■ **WHAT TO PRODUCE**: Each line of the records that follow must come back exactly, with pictures skipped.

■ **RECORDS SHOWN**:
__________
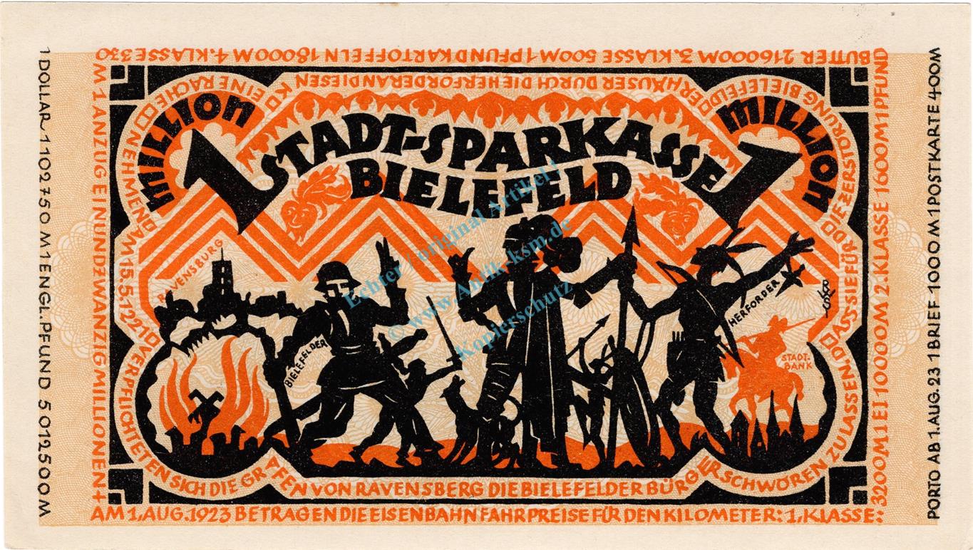 Bielefeld , Banknote 1 Million Mark unc-kfr. Keller 415.a , Westfalen 1923 Inflation
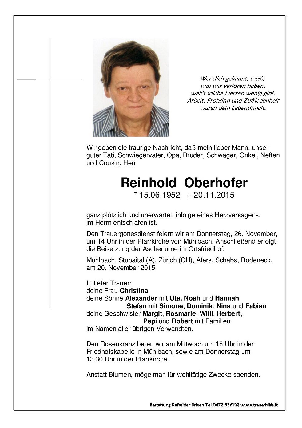 Wir geben die traurige Nachricht, daß mein lieber Mann, unser guter Tati, Schwiegervater, Opa, Bruder, Schwager, Onkel, Neffen und Cousin, Herr
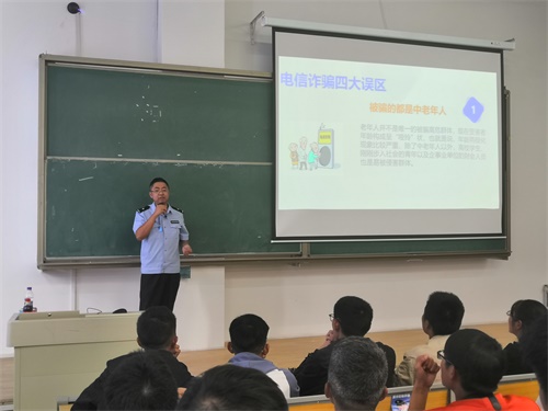 马顺延警官首先向大家介绍了“什么是电信诈骗”、电信诈骗的危害及突出特点以及一些老员工经历“电信诈骗”的事例。他着重向同学们讲解了电信诈骗的四大误区和电信诈骗的12大手段及应对方法,让同学们对电信诈骗有了更加深入的了解,告诫同学们要提高安全防患与自身信息保密意识,不要轻易点击链接与泄露个人信息,同时加强自身的遇事处理能力,树立诚实做人、不贪心、不盲目的人生观念。
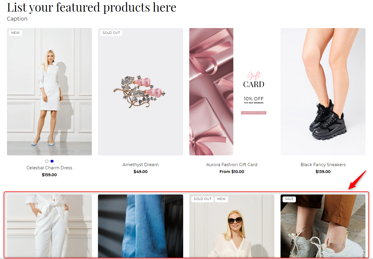 The featured products section of a Shopify store is a prime opportunity to showcase best-selling or newly released items, capturing visitors' attention and driving sales. Whether highlighting seasonal favorites, promoting exclusive collections, or spotlighting top-rated products, this section serves as a powerful tool for attracting customers and encouraging exploration. In this section, we'll explore the various settings and customization options available for the featured products section, empowering merchants to curate compelling product displays that effectively engage the audience and drive conversions.
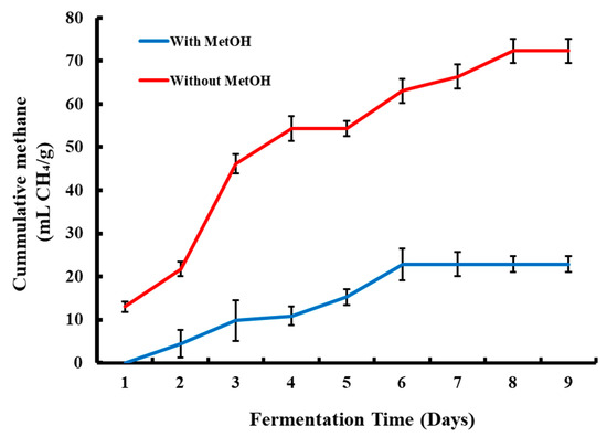 Cumulative biogas (methane) is produced from one-pot fermentation (with the addition of methanol) and sequential two-stage fermentation. The triplicate mean ± SD (vertical bars) is presented.
__________
■ **SOLUTION TO THIS TASK**:
 Bielefeld , Banknote 1 Million Mark unc-kfr. Keller 415.a , Westfalen 1923 Inflation
 Wir geben die traurige Nachricht, daß mein lieber Mann, unser guter Tati, Schwiegervater, Opa, Bruder, Schwager, Onkel, Neffen und Cousin, Herr
 马顺延警官首先向大家介绍了“什么是电信诈骗”、电信诈骗的危害及突出特点以及一些老员工经历“电信诈骗”的事例。他着重向同学们讲解了电信诈骗的四大误区和电信诈骗的12大手段及应对方法,让同学们对电信诈骗有了更加深入的了解,告诫同学们要提高安全防患与自身信息保密意识,不要轻易点击链接与泄露个人信息,同时加强自身的遇事处理能力,树立诚实做人、不贪心、不盲目的人生观念。
 The featured products section of a Shopify store is a prime opportunity to showcase best-selling or newly released items, capturing visitors' attention and driving sales. Whether highlighting seasonal favorites, promoting exclusive collections, or spotlighting top-rated products, this section serves as a powerful tool for attracting customers and encouraging exploration. In this section, we'll explore the various settings and customization options available for the featured products section, empowering merchants to curate compelling product displays that effectively engage the audience and drive conversions.
 Cumulative biogas (methane) is produced from one-pot fermentation (with the addition of methanol) and sequential two-stage fermentation. The triplicate mean ± SD (vertical bars) is presented.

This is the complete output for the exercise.